I found this CD (hi, Amoeba bin) quite annoying but this month's concert with Rob accompanied by an augmented St. Lawrence String Quartet was too much for me to resist since it presented Copland's Appalachian Spring. If I truly believe Copland is the guy, how could I not attend?
And fortunately, at least live, Rob was interesting, funny, entertaining, and memorable. He also worked the sell-out audience effectively. The format was an hour of lecture with examples from the piece, the piece itself in a full run-through and then a Q&A. Pedagogically, it was so-so. I could understand each isolated musical example, but in real-time, since I didn't know exactly the context in which they would appear, I missed many of the examples we had just covered. This may just be a remnant of my jazz days where I learned best by replaying sections ad infinitum.
What was interesting? He talked a lot about the "Appalachian Spring" chord, how the rest of the piece grows out of its use in the beginning, and while seemingly simple, there's more than than you might think. On the other hand, he suggested Copland had the courage to be so simple. I may prefer my simplicity truly simple but I understand his point.
Kapilow did have a particularly clever idea of reciting the text to the familiar Shaker song used as source material in the work while the clarinetist played the melody. I doubt I will ever hear "A.S." again without thinking about that. I'm less enamored about how I may also remember Rob Kapilow everytime I hear this composition. In particular, I have a low threshold for hyperbole; to suggest that the ending is "superb, fantastic and amazing" doesn't help me like it more. Although, that may just be me; at the end of what I thought was a reasonable performance, the crowd applauded more enthusiastically than any concert I've been to in awhile.

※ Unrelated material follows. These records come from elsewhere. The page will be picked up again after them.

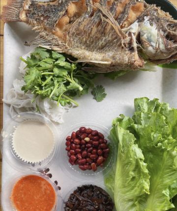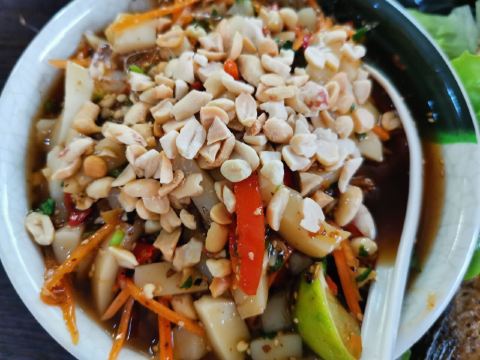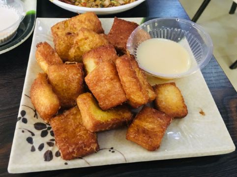 简简单单的家家来西双版纳旅游,搜索发现这家杨杨小吃店,跟着导航来到小店,说实话不太好找。运气不错,五点到店,还有吃的,据说每天下午需要预约,我们吃饭时候好多没有预约的无奈离开。 [环境]小店在居民区胡同内,不太好找,跟着导航到地方看路边的指示牌即可找到。 [服务]服务热情,老板特别热情,吃饭这天是端午节,老板特意给每桌发了粽子,特别感动,老板看我们生菜快吃完了,特意询问是否再来点生菜,又给了一大份。 |菜包鱼^第一次吃这样的,星光夜市到处都是菜包鱼,因为感觉不太好没有尝试,这种鱼没有小刺,用生菜包起来吃着挺不错的 |油炝心管^这个菜说实话第一次见,第一次吃,味道挺不错的,心管吃着嚼劲十足,主要我不吃姜,需要把姜剥开,不然吃着更舒服 |黄金吐司^这个黄金吐司完全颠覆我的想象,我以为没有什么特别的,但是吃到嘴里完全不同,推荐,趁热吃。 |舂黄瓜^和我那里的凉拌黄瓜基本上一样,用的料不同,更酸辣。 整体来说,这顿饭吃的特别满意,套餐性价比高,以后有机会来版纳还会再次来。
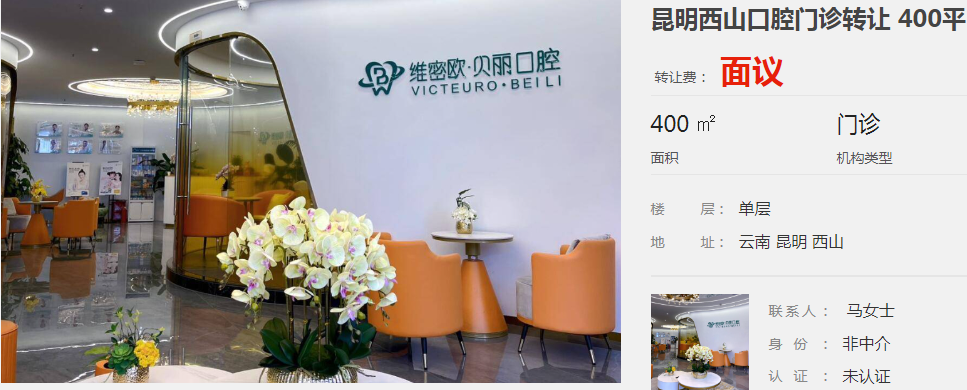 昆明西山口腔門診轉(zhuǎn)讓 400平
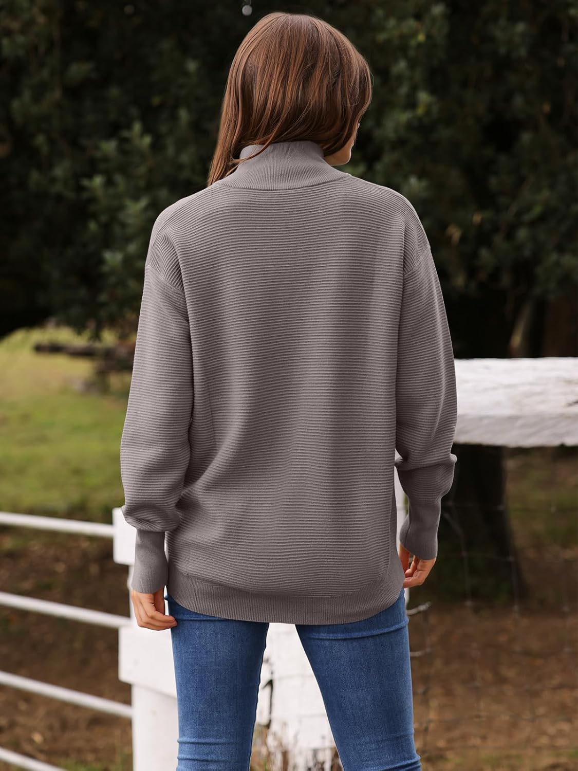 Specification: DEEP SELF Fall Women V Neck 1/4 Zip Pullover Stretch Sweater Long Sleeve Stand Collared Ribbed Knitted Solid Sweaters

Moving beyond specific musical details, Kapilow had some larger insight into what Copland was doing and why we like this piece so much. Copland's intent was to capture the essence of what this music was about but in no way was it an attempt to be authentic. As was pointed out, presumably Shaker music didn't use modulation and counterpoint and yet Copland incorporated these techniques to his benefit. Similarly, Copland's Billy the Kid was given as another example f an imaginative interpretation rather than a factual account. This has me wondering if Doctor Atomic's downfall may ultimately be because it attempted the latter?
Kapilow suggested another reason we respond to Appalachian Spring is that it represents an idealization of America with all the possibility that entails, versus the reality of what we have, and that we want to believe. Well said.
Finally, in the Q&A, I didn't but wanted to ask why does Rob hate "Copland the Modernist?" A presumption on my part, of course...
iTunes.
By the way, the Kapilow Mozart CD has a better Amazon sales rank than the Copland conducts Copland CD.
Update: Copland is of course spelled with a "d." Also, I wonder if Appalachian Spring is one of the few pieces after 1915 that Hucbald doesn't hate?
For that matter, I see Copland as the lowest-common-denominator Greatest American Composer. Does anybody really hate the music of Copland? Other choices are surely more contentious -- Stravinsky? Feldman? Glass? Adams? Ives?
Michael West in the comments suggests Duke Ellington as the Greatest American Composer. I suppose no one generally hates the music of Ellington either athough even that pick gets into the relative merits of jazz composition versus classical composition. This does make me want to listen to East St. Louis Toodle-Oo, though.